If your loved one is one of millions of Americans who suffers from an eating disorder such as anorexia nervosa or bulimia, you may feel alone, without guidance or understanding. As a romantic partner, you need to know how to navigate issues such as parenting, sex and intimacy, and running a household. This book provides that help by addressing your uniquely complex and difficult situation, and provides much-needed support for growth and healing.

By Their Side

by Lara Lyn Bell

In the depths of illness, it can be difficult to believe recovery is possible. Overcoming an eating disorder is one of the hardest battles any of us can fight—not only for the afflicted person but also for the friends, family members, and loved ones suffering beside them, wondering how they can help. By Their Side understands. The parents, siblings, friends, doctors, psychologists, and survivors who lend their voices to this book have all witnessed the destructive power of an eating disorder firsthand. By sharing their powerful testimony, expert advice, tips, and technical knowledge, they hope to empower you to understand what your loved one is going through and how you can provide the best possible support. As you read, you may also follow along in the companion book, Working by Their Side, a workbook for guided journaling, recording observations, and compiling resources for your loved one and yourself. No matter how dark the future seems, there is hope for healing. Let By Their Side help you find the way. Learn more at bytheirsidebook.com.

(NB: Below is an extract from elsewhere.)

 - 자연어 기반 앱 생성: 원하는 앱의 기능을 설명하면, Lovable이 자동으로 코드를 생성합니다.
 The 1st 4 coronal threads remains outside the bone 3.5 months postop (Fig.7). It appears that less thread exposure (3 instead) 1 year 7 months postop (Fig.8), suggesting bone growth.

The Daily Dare for Eating Disorders

by Linda Kaye

A book to help those struggling with an eating disorder, such as anorexia or bulimia, or even other addictive illnesses. designed to provide practical help and tips for overcoming the battle. Through interactive activities and a daily dare, Linda challenges the reader to carry out a hands-on activity to help fight the voice of “Ed.” It is the perfect recovery companion, providing inspiration, compassionate, and meaningful messages to inspire and promote hope for a journey that can, at times, feel hopeless.

Hope for Recovery

by Catherine Brown and Christina Tinker

The statistics regarding eating disorders are staggering. 30 million people in the U.S. alone suffer from eating disorders and every 62 minutes, a person dies as a direct result of an eating disorder. In fact, there is a higher mortality rate from eating disorders than from any other mental illness.

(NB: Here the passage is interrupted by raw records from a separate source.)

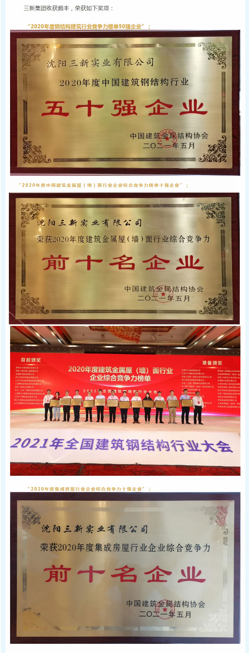 綠色引領,再創輝煌——三新集團參加“2021年全國建筑鋼結構行業大會”載譽歸來
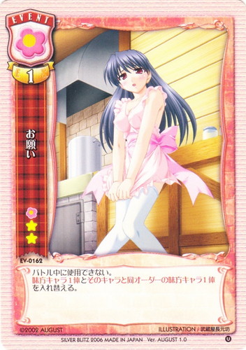 ![]() ![]() | EV-0162 お願い イベント Ver.AUGUST1.0 U 属性:花 コスト:花無無 EX:1 バトル中に使用できない。味方キャラ1体とそのキャラと同オーダーの味方キャラ1体を入れ替える。 illust:武蔵屋長元坊 |
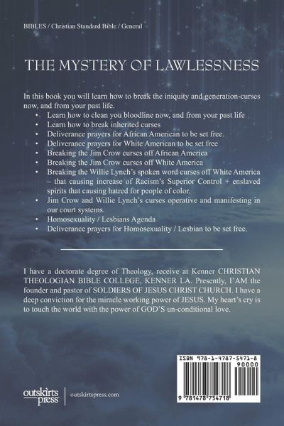In this book you will learn how to break the iniquity and generation-curses now, and from your past life. Learn how to clean you bloodline now, and from your past life Learn how to break inherited curses Deliverance prayers for African American to be set free. Deliverance prayers for White American to be set free Breaking the Jim Crow curses off African America Breaking the Jim Crow curses off White America Breaking the Willie Lynch's spoken word curses off White America - that causing increase of Racism's Superior Control + enslaved spirits that causing hatred for people of color. Jim Crow and Willie Lynch's curses operative and manifesting in our court systems. Homosexuality / Lesbians Agenda Deliverance prayers for Homosexuality / Lesbian to be set free.
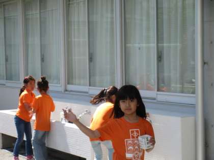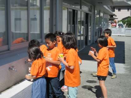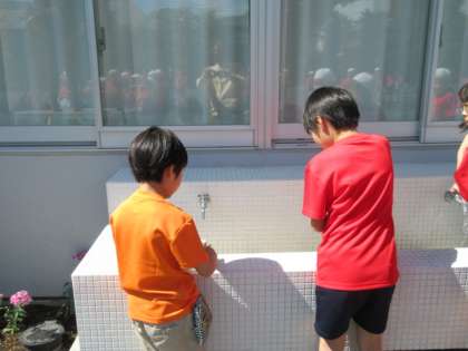 校庭で赤Tが練習しているその横では、オレンジTが理科の学習をしています。

Co-editors Catherine Brown, a writer, and Christina Tinker, corporate storyteller and courage cultivator, are among the 60% of people who have recovered from eating disorders. To help others who struggle, they have co-edited and contributed to a compilation of essays by women and men who have recovered from eating disorders, including anorexia, bulimia, and binge eating disorder.

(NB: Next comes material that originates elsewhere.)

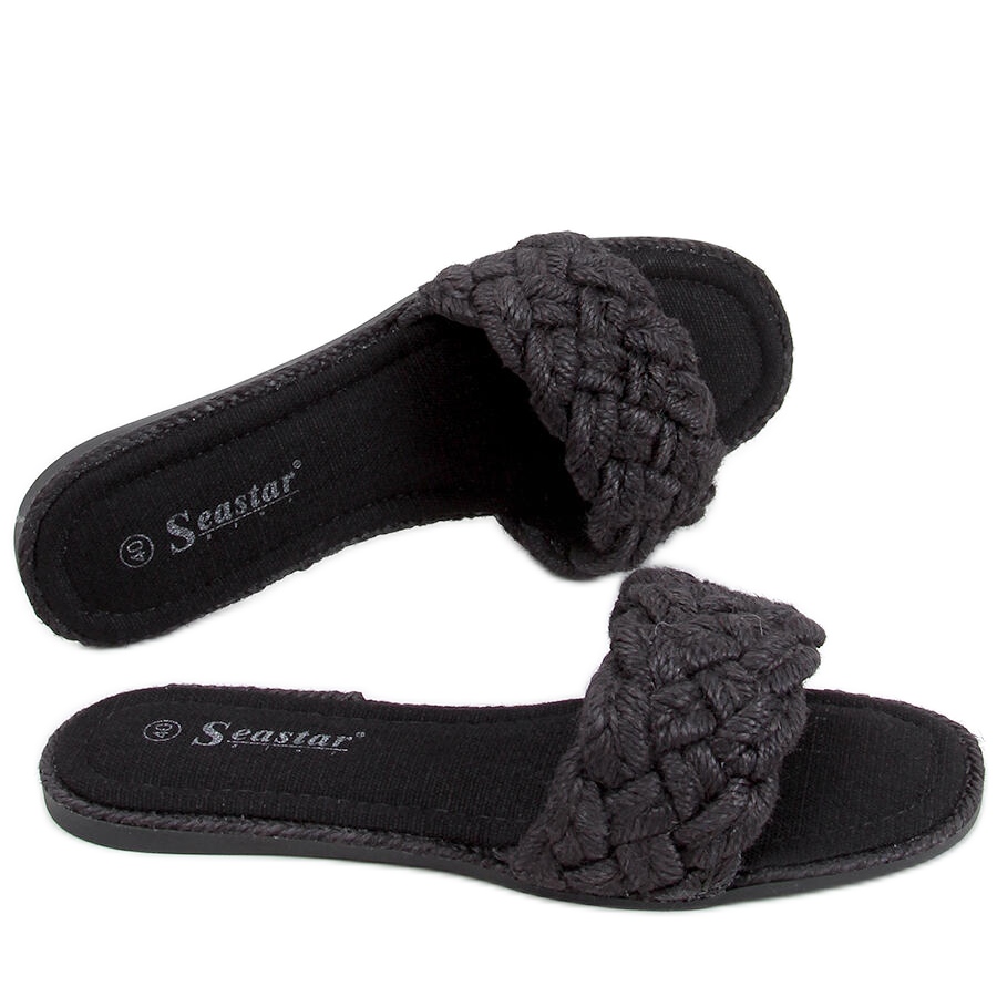 Découvrez le style estival avec les claquettes à cordes pour femme Erika Black ! Ces tongs élégantes à semelle plate sont le choix parfait pour les journées chaudes. Sa finition noire et lisse lui permet de s'agencer à de nombreux styles estivaux, et sa ceinture tressée en fil de lin ajoute un caractère original.

The book’s diverse essays emphasize each writer’s journey to recovery, providing hope for individuals suffering with an eating disorder and their loved ones. In addition to these highly personal, vulnerable essays, the book includes informative sections with insights from mental health professionals on topics such as how families can help loved ones affected by eating disorders and males with eating disorders.

Starvation

by Molly Fennig

16-year-old Wes McCoy is not the favorite child. He does not have a wrestling scholarship to Stanford nor does he live up to the family legacy as an athlete, unlike his brother, Jason. But when Jason dies in a car accident on the way to the state high school wrestling championship, Wes turns to food to give him the control over his life he didn’t have before, and the kind of success he never tasted.

Told through alternating past and present chapters revolving around Jason’s death, Wes must come to terms with more than Jason’s death. There’s Caila, a defiant girl who introduces him to the painful pleasure of starving. And there’s Collin, Wes’s best friend who speaks in Shakespearean insults and with whom his relationship is irreparably damaged. But most of all, Wes must take back control from his eating disorder as he learns more about himself and the mystery surrounding Jason’s accident, before he loses his life and those closest to him.